# Presenting a Fault Tolerant Mechanism for Buffering Fault in Network on Chips

# Sadeq Lotfi<sup>1\*</sup>, Ali Afzali-kusha<sup>2</sup>, Marzie Saffari<sup>3</sup>

(1), (3)Department of Computer Engineering Arak Branch, Islamic Azad University, Arak, Iran (2)Professor, Department of Electronic Engineering, Tehran University, Tehran, Iran sadeqLotfi@gmail.com, aafzali05@gmail.com, marziesaffari@gmail.com

Received: 2013/12/07; Accepted: 2014/01/19

## Abstract

As technology scales deep into the nanometer regime, on-chip communication becomes more susceptible to transient noise sources, such as crosstalk, external radiation, and spurious voltage spikes. The Network on chip s modularity and reusability has brought about the use of error control methods to address transient errors in Network on chip links. In this work, we design a fault tolerance router with efficient area and power dissipated. Actually, we exploit the free virtual channel to store the redundant data. Virtual channel is used for deadlock avoidance it can be implement as 2, 4 or 8 channel. The almost time we can find a free channel that we can use in fault tolerance mechanism. We describe the proposed architecture with VHDL and implemented with synopsis compiler design. We use analytical model to evaluate the fault tolerance.

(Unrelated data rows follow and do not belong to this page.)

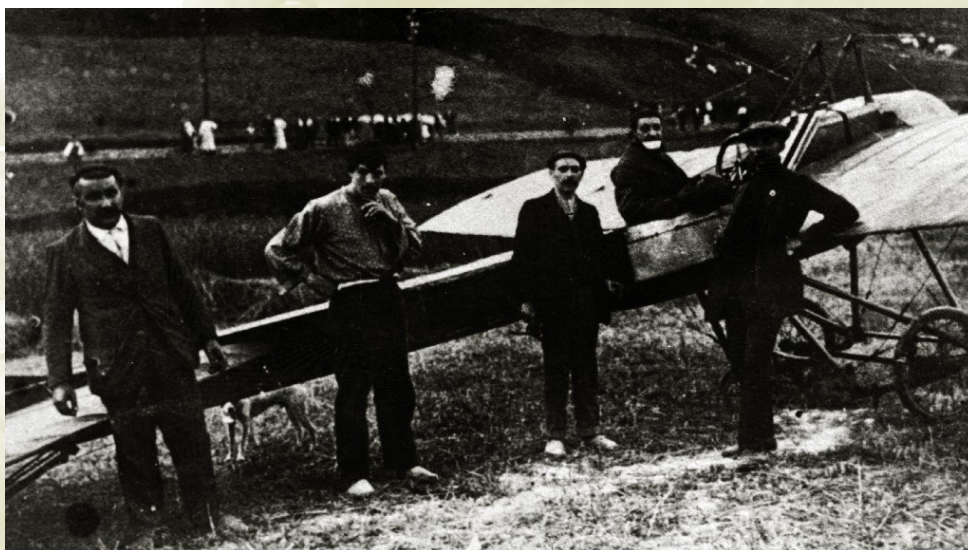
El aviador francés Terce en Eibar.
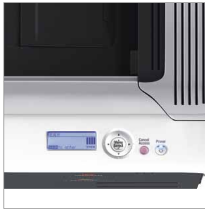
4-zeiliges LCD-Display mit Bediener-Konsole
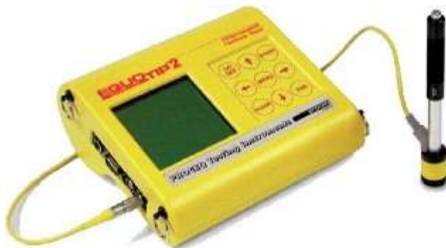
دستگاه سختی سنج پرتابل Proceq Equotip ۲ - ساخت سوئیس

سختی سنج پرتابل جهت اندازه گیری سختی لیب فولاد، فولاد ریخته گری شده و چدن بکار می رود. دستگاه سختی سنج پرتابل بر اساس اندازه گیری سرعت برخورد و بازگشت فرورونده کروی از جنس کاربید تنگستن عمل می کند.
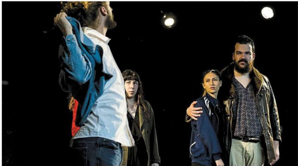
Quatre des douze élèves du Groupe 13 des comédiens-stagiaires de La Cité Théâtre. Leurs trois ans de formation s'achèvent en décembre.

Nuance de taille : ici, la formation ne coûte pas 5 000 € par an. Intégralement prise en charge par le service « formation professionnelle » de la Région Normandie, elle est totalement gratuite pour les stagiaires. Cer-
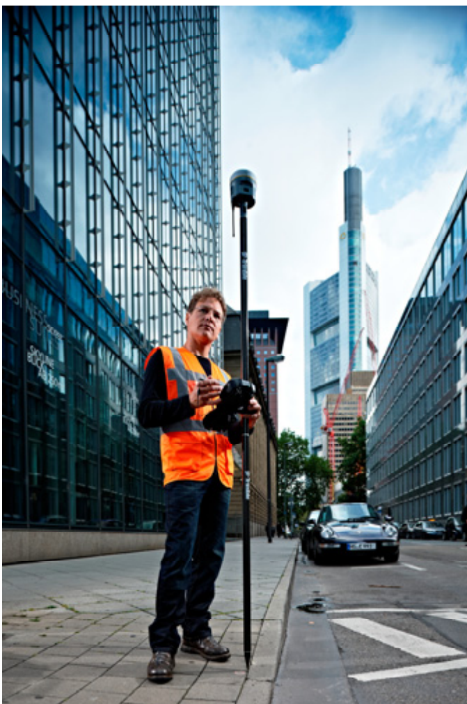
Рисунок 3: Приемник Trimble R10 с технологией Trimble 360 в городских условиях
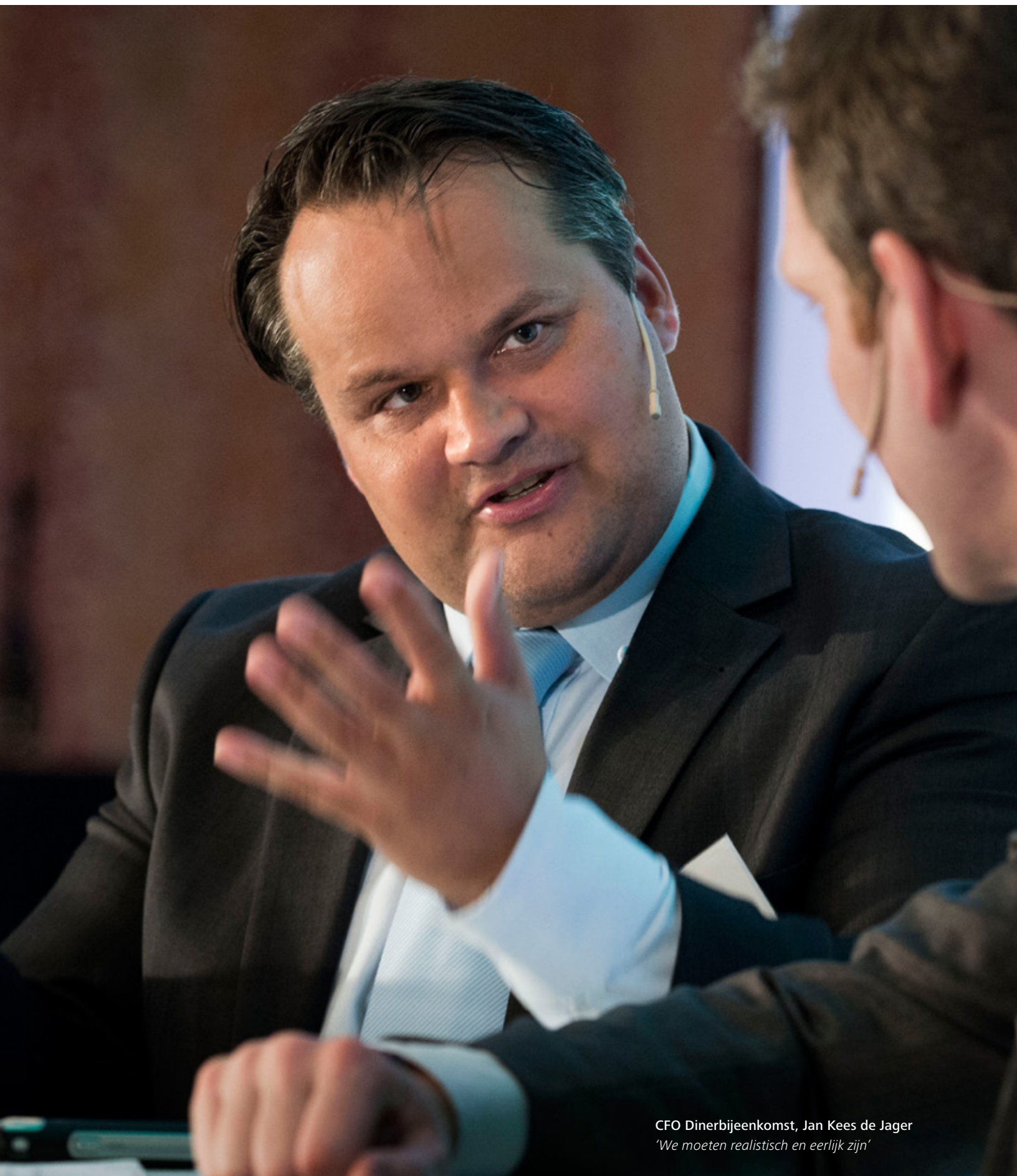
CFO Dinerbijeenkomst, Jan Kees de Jager 'We moeten realistisch en eerlijk zijn'

The result shows that we improve the dynamic power dissipation, area, and reliability.

Keywords: Network on chip, Buffering, Virtual channel, Fault tolerance router

#### 1. Introduction

Shrinking of circuit capacitors capacity and decreasing of voltage levels, Power supply, Logic, Gate sensitivity, Flip-Flops and memory unit systems become vulnerable against various environment noises, charged particles and cross talk noises. These factors leading to cause transient or permanent faults in the system. For this reason, designing the fault tolerance system that can prevent fault results or destructive effects or using strategies can retrieve themselves from caused fault in system is very important. The use of transistors on a chip is important from two aspects. First, costs design, structure, verification, and test of chips will increase according to inefficient components and communication structures fault tolerance factor that complemented on chips is very important. The other aspect is that more complicated design, increase the probability of occurring human fault in time of designing and implementation so elimination and examination them in verification method require more costs.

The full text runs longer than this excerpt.